Hoje comandante dos militares que no passado o expurgaram do serviço público, Celso Amorim agora tem bons motivos para medir a diferença no calendário.
Amorim – O Brasil precisa das FFAA. E os militares de hoje não são os militares de ontem. Nós precisamos dialogar com estes militares de hoje. Eles tem que saber separar o que foi o passado e o que é hoje. O 31 de março já não é mais comemorado…
Míriam– Mas eles mesmos não fazem esta separação, quando não admitem os erros do passado. Até para preservar a instituição [das FFAA], eles não deveriam fazer esta separação?
Amorim – Você quer minha opinião pessoal? Acho que devem [fazer a separação]. Mas, isso não se faz com uma ordem. Isso é uma mudança cultural. Porque, as ordens eles podem até obedecer. Isso é uma mudança cultural que vem aos poucos. Essa ordem depende do diálogo. Há outras concepções culturais das corporações. Como isso se concilia, é uma coisa complicada. Não vou entrar aqui numa discussão filosófica sobre culpas coletivas, ou culpas intergeracionais. O tempo vai fazer com que isso ocorra. O primeiro passo é eliminar as coisas oficiais, como as comemorações do 31 de março. Nunca ouvi de nenhum militar, pelo menos comigo, nunca ouvi nenhum defender a tortura, sob nenhum aspecto. Nenhum veio aqui e disse: “Ah, mas naquele caso tivemos que fazer isso…”. Nenhum. Nunca ouvi. Nem direta, nem indiretamente.

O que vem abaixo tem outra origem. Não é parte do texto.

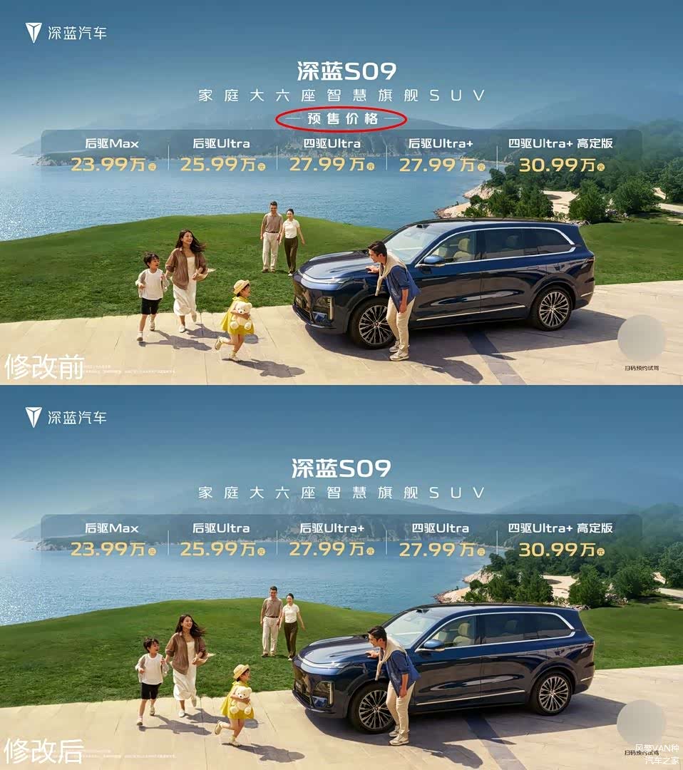 一、深蓝S09预售发布会价格让人误解。在4月23日的预售发布会上,深蓝汽车公布了深蓝S09的预售价区间为23.99-30.99万元。或许是预售价公布之后市场反响超出预期,也或许是宣传组的工作失误,深蓝汽车在车展当天下午悄悄将深蓝S09宣发海报中的“预售价格”四个字删掉了,同时部分门店的一线销售也被告知23.99-30.99万元就是深蓝S09的正式指导价。

Míriam– E nem condenaram, também…
Amorim fecha os olhos, suspira, e não diz nada. É salvo pelo intervalo do programa de entrevista, aos 13’33’’. Na segunda parte, Amorim volta falando das coisas positivas que vê hoje na área militar.
Amorim – […] Como a criação do Estado Maior Conjunto das FFAA, subordinado diretamente ao Ministério da Defesa. Ou seja, o Ministro está na cadeia de comando, inclusive das operações militares. E temos um secretário-geral civil, no mesmo nível dos comandantes. Incluímos disciplinas de direitos humanos em todas as escolas militares. Os livros [das escolas militares] devem ser aprovados pelo MEC e fazem parte do currículo. Os colégios militares são excelentes. Você poderia me perguntar: “Mas, o sr. não pode dar uma ordem?” Posso, mas eu prefiro convencer. O convencimento tem mais durabilidade. Aprendi isso com a diplomacia. Acho que o convencimento é melhor do que uma ordem estrita.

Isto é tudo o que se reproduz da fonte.